MUNDOS REFLEXIONADOS   

A Educação para o Outro e a Educação contra o Outro 

Paulo Volker

filósofo e educador

pvolker@uol.com.br

Nas savanas da África, nos idos do Paleolítico inferior, quando o chopper (um raspador de pedra) era a nossa mais moderna tecnologia, nosso cérebro tinha acabado de vencer o salto triplo para ultrapassar a barreira dos 1500 cm cúbicos de volume – um fato espetacular. Com isso deu-nos as vantagens do funcionamento do neocórtex dos lobos frontais, temporais, parietais, que se encarregam de registrar informações, envio de ordens precisas, arquivo de múltiplas recordações, reutilização de experiências passadas, centro de associações lógicas e complexas; nos deu o isocórtex homotípico, encarregado da ação refletida, do conhecimento, da memória, da linguagem e da faculdade de previsão. Com todo esse aparato, tivemos condições de elaborar todas as características formadoras da cultura, a partir de uma essência básica: o espírito de colaboração.

Quando falamos de "espírito de colaboração", estamos dando ênfase a um conjunto de valores que constituem essa atitude primária do humano de se entender como resultado do encontro e da convivência com os outros humanos. É uma atitude primária, no sentido de antecessora, primeira, anterior a todas as outras. A sobrevivência do humano naquelas savanas só foi possível pela vida em conjunto, solidária, afetiva, colaborativa e comunitária. Podem elaborar teorias e mais teorias sobre a história humana, mas ninguém eliminará o fato da existência desse "espírito de colaboração". A teoria da luta de classes, que enfatiza o conflito como "motor da história", não passa de uma vesga deturpação do fato original, afinal, desloca a colaboração para o interior das classes, travestida de "consciência de classe".

Pois graças a essa com-vivência, lá foi o humano pelas dobras do tempo, aproveitando de forma espetacular todas as potencialidades do "estar junto" e do "fazer junto". Sua natureza é tão voltada para o outro, que é a única espécie que faz o amor frontal, ato biológico e amoroso de aconchego do casal.

Desse aconchego saíram as culturas, as línguas, as civilizações. O salto para as terras, os mares e os espaços. A busca do universo interior, com suas complexas extensões, pari passu, com as aventuras no universo exterior e suas colossais vastidões.

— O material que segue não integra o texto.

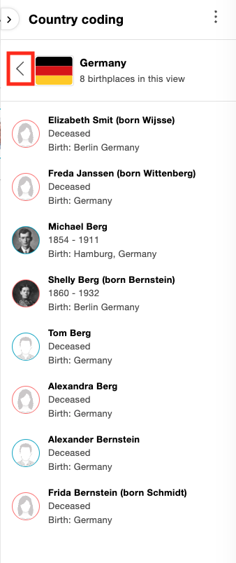 Wenn Herkunftsflaggen aktiviert sind, öffnet sich rechts das Panel für Herkunftsflaggen. Das Panel listet die Geburtsländer für Personen in der aktuellen Ansicht auf. Es zeigt an, wie viele Personen im jeweiligen Land geboren wurden. Wenn Sie zwischen den Ansichten wechseln, bleibt das Panel geöffnet. Um das Panel zu minimieren, klicken Sie auf den Pfeil oben.

Finalmente, eis o humano, na sua saga em busca de si mesmo, postado em uma sala de aula, frente às construções simbólicas que a compõem, como o quadro negro, as carteiras, lápis, borracha e o livro. O dia é aberto pelo professor, que fala de competição, de luta, de sucesso, da necessidade de muito estudo para se conseguir um emprego, quando tantos outros estarão lutando também por ele.

Nesse momento, algo como um centauro aparece na frente desse nosso aluno, igual a tanto milhares de jovens que passam a ouvir essa ladainha dos mais velhos e acabam tomando-a como verdade. Esse centauro que surge, metade homem, metade animal, diz exatamente do inverso que caracteriza toda a epopéia humana. É o caos, o monstruoso, o teratológico. É a entropia, a desorganização, o descomedimento, a loucura. Personagem que sempre aflora na história humana, como se fosse o contraponto de todo o seu brilho. Nesse momento tomamos contato com a sombra que não nos larga. Se, através dos séculos, representamos como expressão máxima da nossa capacidade a convivência, nunca deixamos de vislumbrar o nosso contrário, aguerra de todos contra todos. Essa forma deturpada de vida, onde cada um objetiva prejudicar os outros em função dos seus interesses particulares pode nos iludir como sendo a causa do nosso sucesso, da nossa sobrevivência e a solução para o nosso futuro.

Mas os escândalos que tomam as manchetes dos nossos jornais nos mostram outra história. Fatos escandalosos, absurdos, horrorosos são expressão desse mundo de luta de todos contra todos. Eles se mostram como ataques dolorosos à nossa essência humana, que se constituiu na esfera da convivência, tentando sempre isolar e evitar esse tipo de guerra e terror. Agora, na altura do terceiro milênio, cá estamos, sociedade humana, vivendo aquilo que nos nega como sociedade, lutando para não tomarmos esses fatos como comuns, próprios ou triviais, enquanto muitos dizem que sim – "sempre foi assim ...".

Não são. Não podemos nunca colocá-los como corriqueiros, porque não são. Todaguerra é um fato espetacular, uma tragédia, um lesa-humanidade, porque nega a essência do que somos, não como possuidores de uma nacionalidade, não como contemporâneos, mas como humanos. E é também na escola que essa convicção se assenta, se firma, se enraíza. É nela que uma educação para o outro, para com o outro deve se realizar. Do contrário, a própria escola, quando educa para a guerra, passa a vivenciar, como realidade do seu dia a dia, todas as lições que conseguiu ministrar.